Hearing those stories are heart-warming and remind me of the “Secret Santa” we have in my own family.  My grandmother – Medora #3 – was gifted with a generous and compassionate spirit, one that is tempered with humility and pragmatism.  Growing up, more than anything she said, I watched and observed the things she did – particularly what she did for others.

One recent example of her giving and loving heart was during the aftermath of Hurricane Katrina.  She is a survivor of the storm and upon return to her home after it was safe to do so, she was learning about the struggles of others who had lost everything.  She was fortunate and felt very blessed as her home had only sustained minor damage and her heart ached for those who found themselves homeless.  For a time, many people were literally roaming the streets dazed and confused as they processed the enormity of their loss and tried to salvage what was left of their lives. My grandmother decided that what many of those folks needed beside food, clothing and shelter – which many churches and non-profit organizations were trying to provide – was money. So, any time she ventured out, she’d go by her bank and withdraw several twenty dollar bills.  Then, whenever she’d encounter someone who looked like they could use some help, she’d very discreetly and quietly hand them some money.

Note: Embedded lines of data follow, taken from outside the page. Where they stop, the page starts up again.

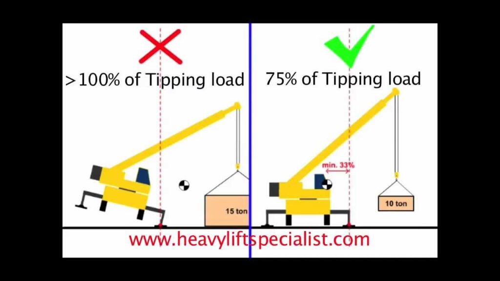 - Tippelast: Dette er den teoretiske vægt, der, når den løftes til en bestemt position, vil få maskinens bagende til at løfte sig fra jorden. Det er det punkt, hvor maskinen begynder at tippe forover. For eksempel kan en maskine have en tippelast på 7.400 pund.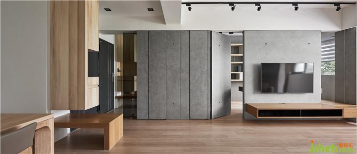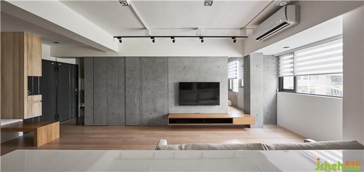 左側(cè)收納柜延伸到客廳電視墻,我們利用清水模把整面墻整合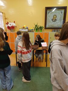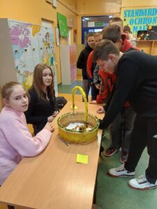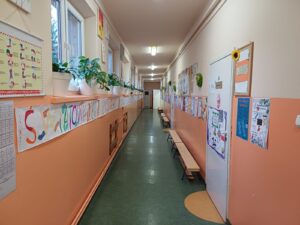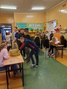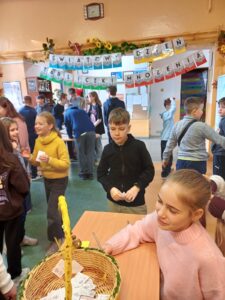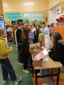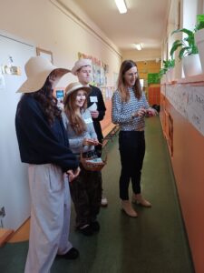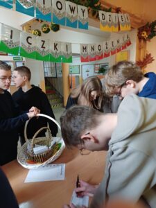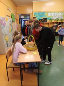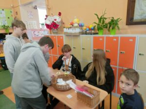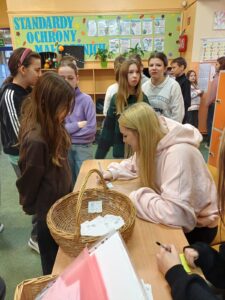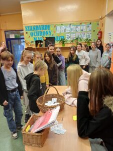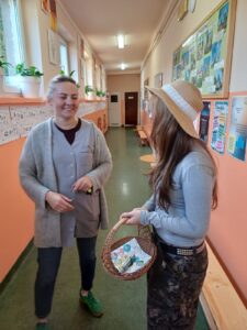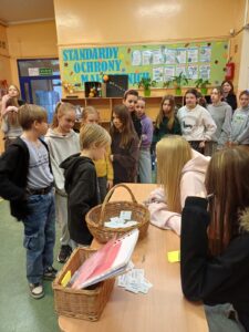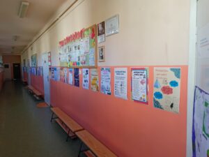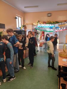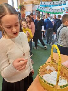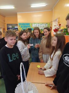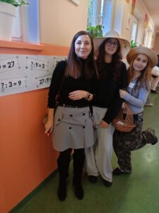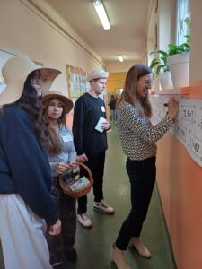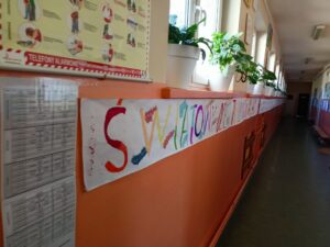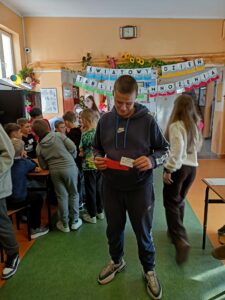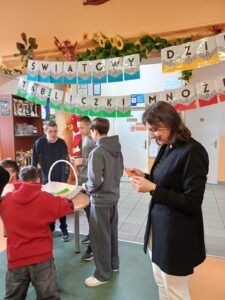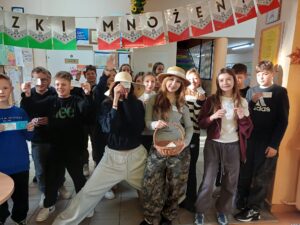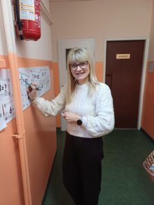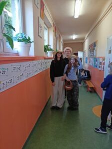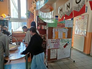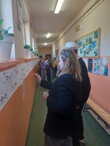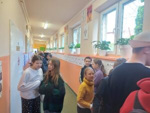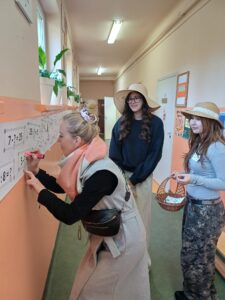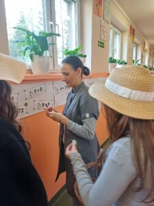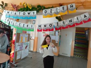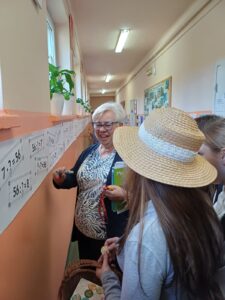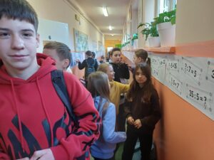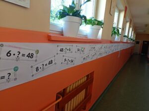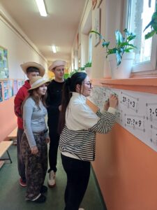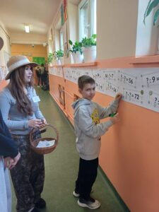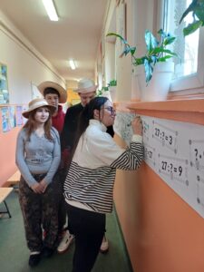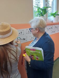 Nauczyciele, na czele z Panią Dyrektor, również aktywnie włączyli się w obchody – wspólnie uzupełniali działania z tabliczki mnożenia na kilkumetrowym plakacie, który stał się wyjątkową dekoracją szkolnego korytarza.
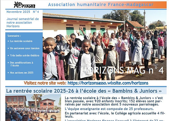 HORIZONS MAG viendra semestriellement vous informer sur l’école des Bambins et Juniors, sur ses activités et ses événements, et sur les actions menées par notre association pour la faire progresser.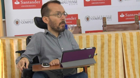 Imágenes del secretario de Organización de Podemos, Pablo Echenique, antes de participar en los Cursos de Verano que organiza la Universidad Complutense de Madrid en El Escorial.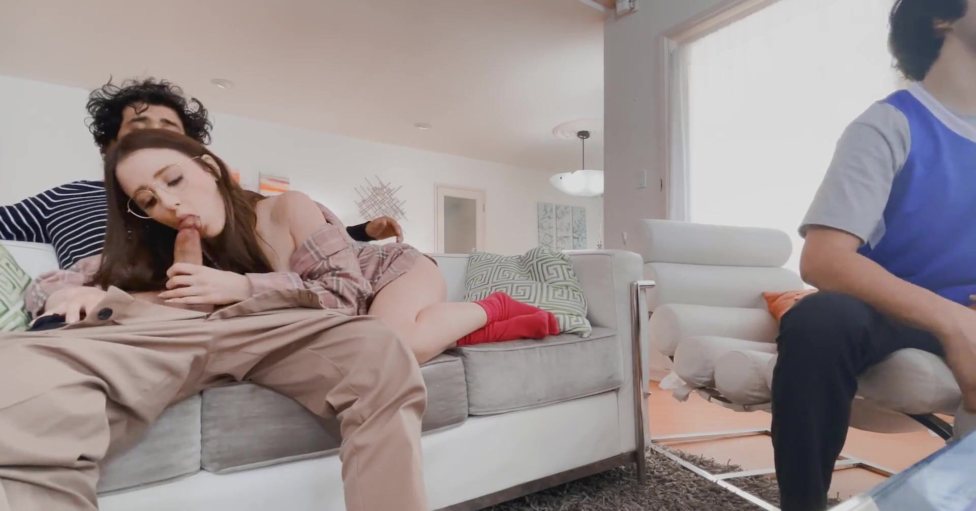 «Привлекательная девушка в очках поглаживает пах друга парня пока бойфренд играет на приставке. Делает это телка за спиной благоверного, но одними подкатами и намеками всё не ограничивается, вскоре цыпочка уже принимается делать мужику смачный минет, доставляя ему нереальное удовольствие. Она ведет гостя в спальню, чтобы там бойфренд не смог им помешать. Девка прекрасно ебется в пизду и получает сперму на ножки.»
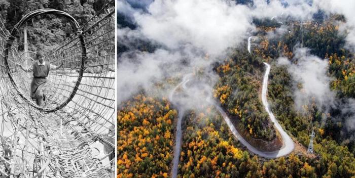 拼版照片:左圖是墨脫縣雅魯藏布江上的藤橋(20世紀80年代資料照片,新華社記者 顧綬康 攝);右圖是2020年11月5日拍攝的派墨公路米林段公路。新華社發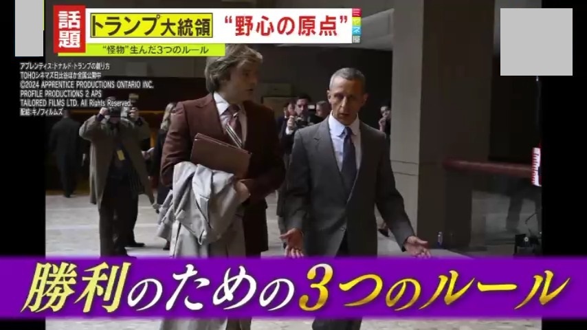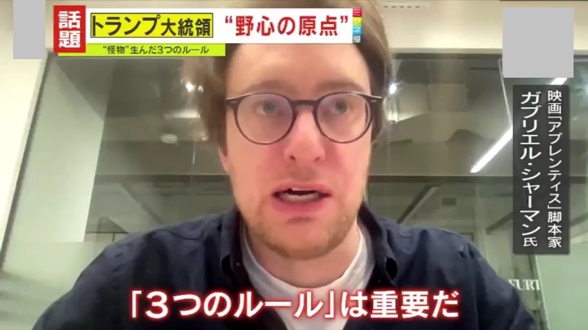 「トランプ氏の政治哲学・政治スタイルを理解するのに、『3つのルール』は必要だ。ロイ・コーン氏が伝えたルールを、今も守っていることが映画を見れば分かると思う。常に勝利を宣言し、攻撃を続け、敗北を認めず、全てを否定する。これらのルールは、外交分野・国内政治においても同様だ。3つのルールを辿ることで、現在、トランプ氏がどのような行動を取るかを理解できると思う」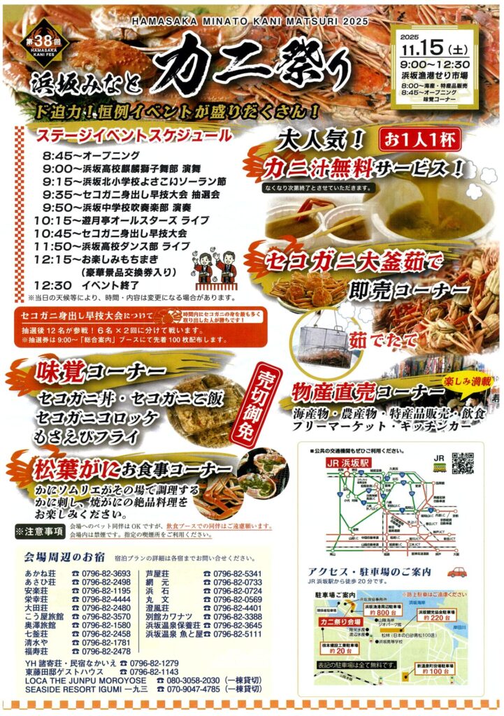 毎年恒例の「浜坂みなとカニ祭り」が開催されます。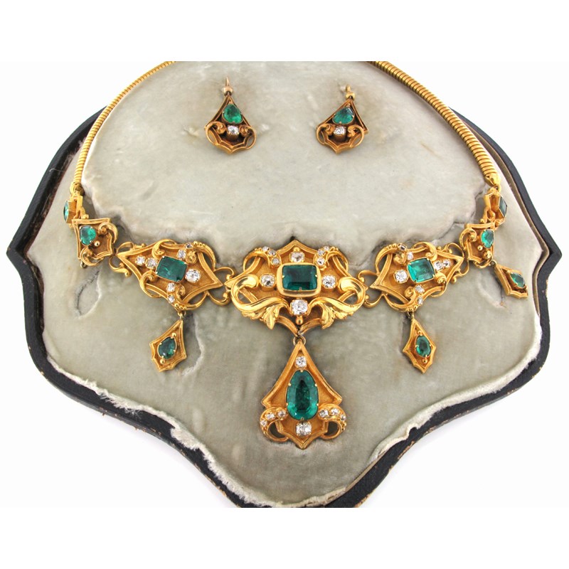 A Victorian emerald and diamond necklace, with matching earrings. The necklace mounted with seven rectangular and pear shaped emeralds within diamond set scrolls, suspending five emerald set gold pendants, the centre pendant set with further diamonds. And similar emerald and diamond set gold earrings. Fitted case.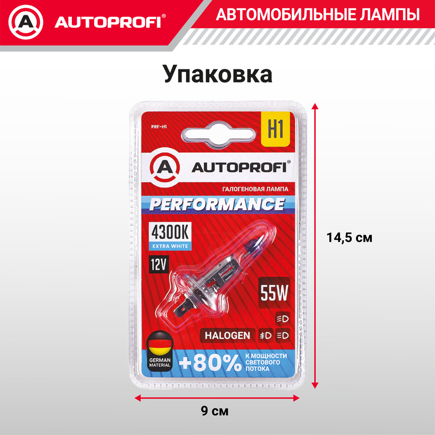 Линейка галогеновых ламп AUTOPROFI PERFORMANCE - лампы с улучшенными техническими характеристиками и световым потоком на 80% мощнее чем у стандартных галогеновых ламп. Расчетный срок службы в трое превышающий обычные лампы. Специальное нанесение на колбу обеспечивает более белый спектр свечения (4300К).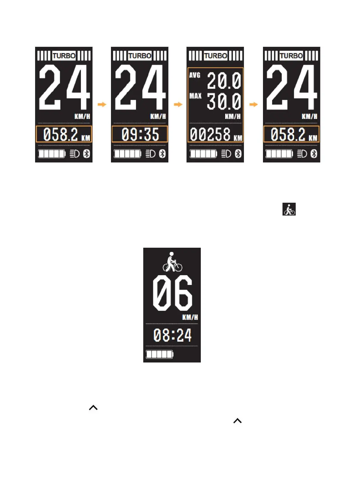 Hold the down arrow for 2 seconds, the bike will enter the walk assist mode. When is shown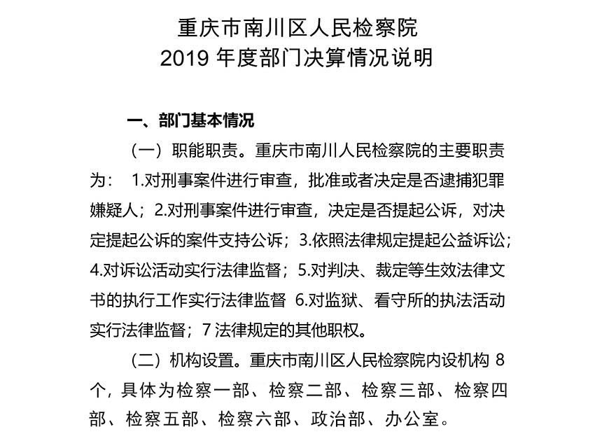 重庆市南川区人民检察院2019年度决算公开情况说明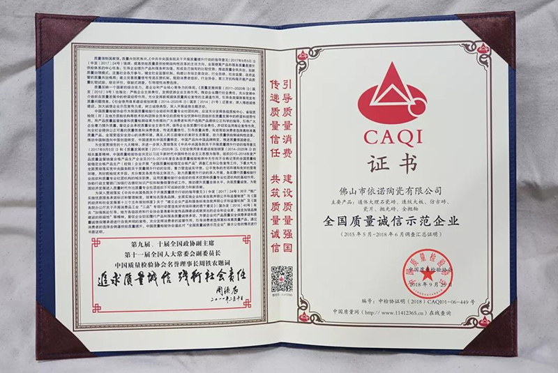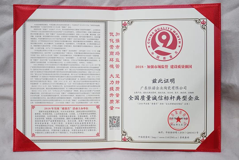 2018年9月,國家市場監督管理總局、中共中央宣傳部聯合相關部門及中國質量檢驗協會,以“加強市場監管,建設質量強國”為主題,共同開展2018年全國“質量月”活動(以下簡稱2018“質量月”活動),依諾瓷磚企業積極響應號召,憑借二十年如一日的誠信經營、優質的產品和良好的口碑,在本次2018“質量月”活動中脫穎而出,廣東佛山依諾瓷磚企業榮獲“全國質量誠信標桿典型企業”、佛山依諾瓷磚企業榮獲“全國質量誠信示范企業”兩項榮譽稱號。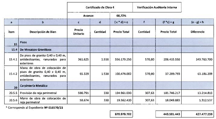 En tanto, en el hospital de Encarnación la misma empresa (MM SA Constructora) no cumplió con todos los requisitos del contrato, ya que se constataron diferencias por G. 50.850.422, específicamente en el área de pabellón polivalente-cirugía y traumatología.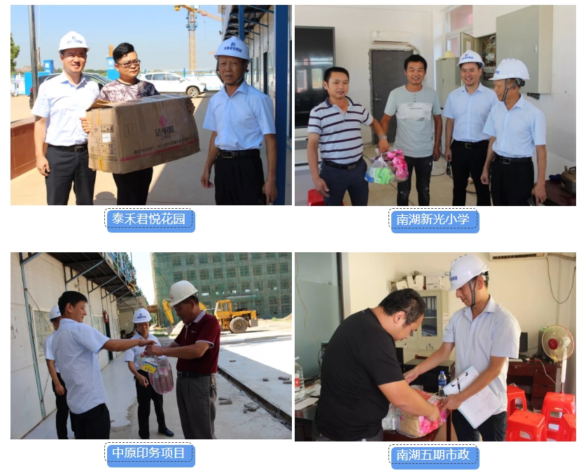 為切實(shí)做好夏季施工現(xiàn)場(chǎng)防暑降溫工作,7月19日,集團(tuán)公司開展一線慰問(wèn)送清涼活動(dòng),前往各項(xiàng)目部發(fā)放毛巾、風(fēng)油精、人丹、十滴水等防暑降溫物資,同時(shí)要求各項(xiàng)目負(fù)責(zé)人要從以人為本、安全生產(chǎn)的高度,做好高溫防暑措施,合理安排好夏季高溫作業(yè)時(shí)間,確保項(xiàng)目一線員工安度酷暑。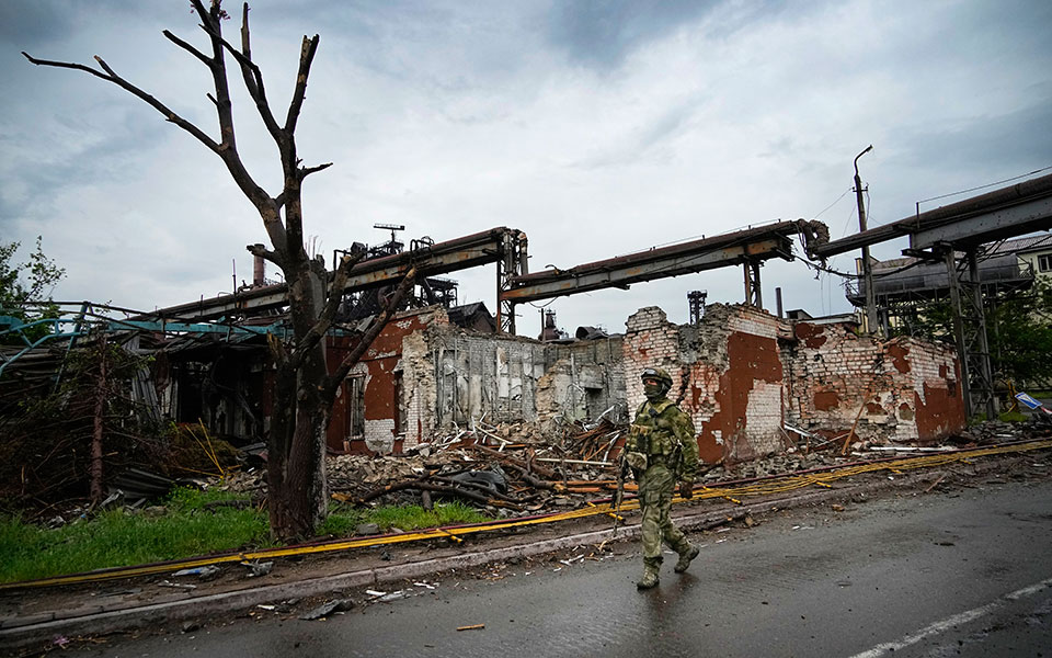 Ένας Ρώσος στρατιώτης σε περιπολία δίπλα σε ένα κατεστραμμένο τμήμα του μεταλλουργικού εργοστασίου Illich Iron & Steel Works στη Μαριούπολη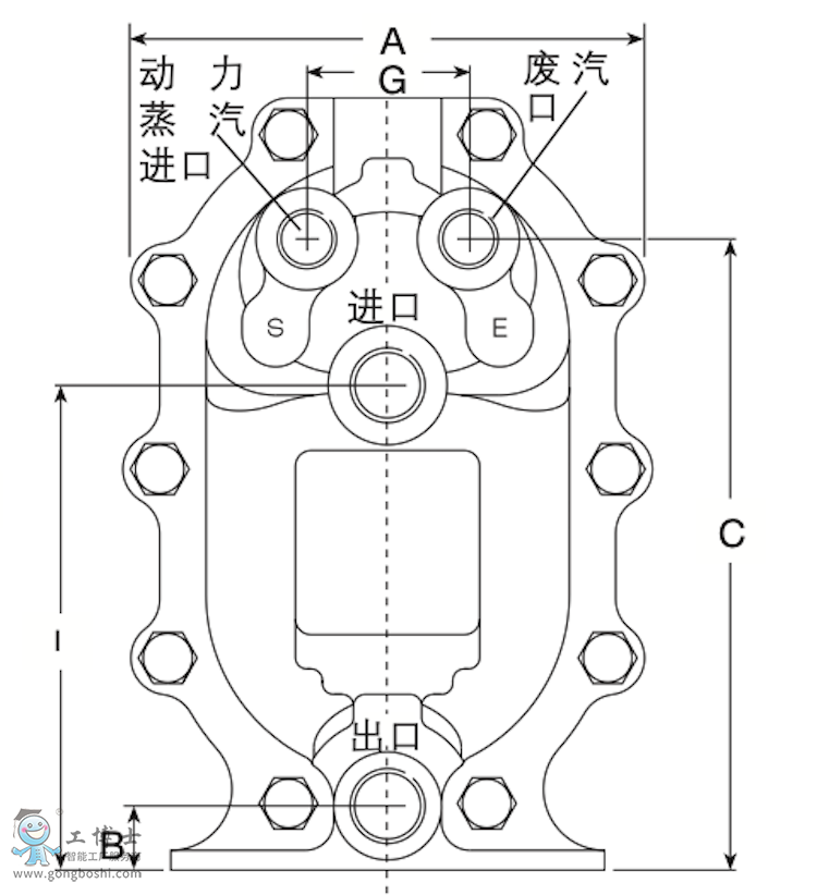 冷凝水出口的中心線。 如出口垂直向下,則為從疏水閥泵的基座至出口面的高 度。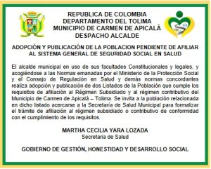 Alcaldía de Carmen de Apicalá, junto con la Secretaría de Salud Municipal

I learned about this several years after the hurricane during casual conversation with her. I wasn’t shocked by her generosity as much as I was over the fact that she didn’t mention it sooner. But then I had to consider the source.  Of course she wouldn’t brag about handing out twenty dollar bills to strangers as she wouldn’t see it as anything more than something that she should and ought to do. Learning what she had done for others – and perfect strangers at that – only made me admire, respect and love her even more. And that folks, was her payoff.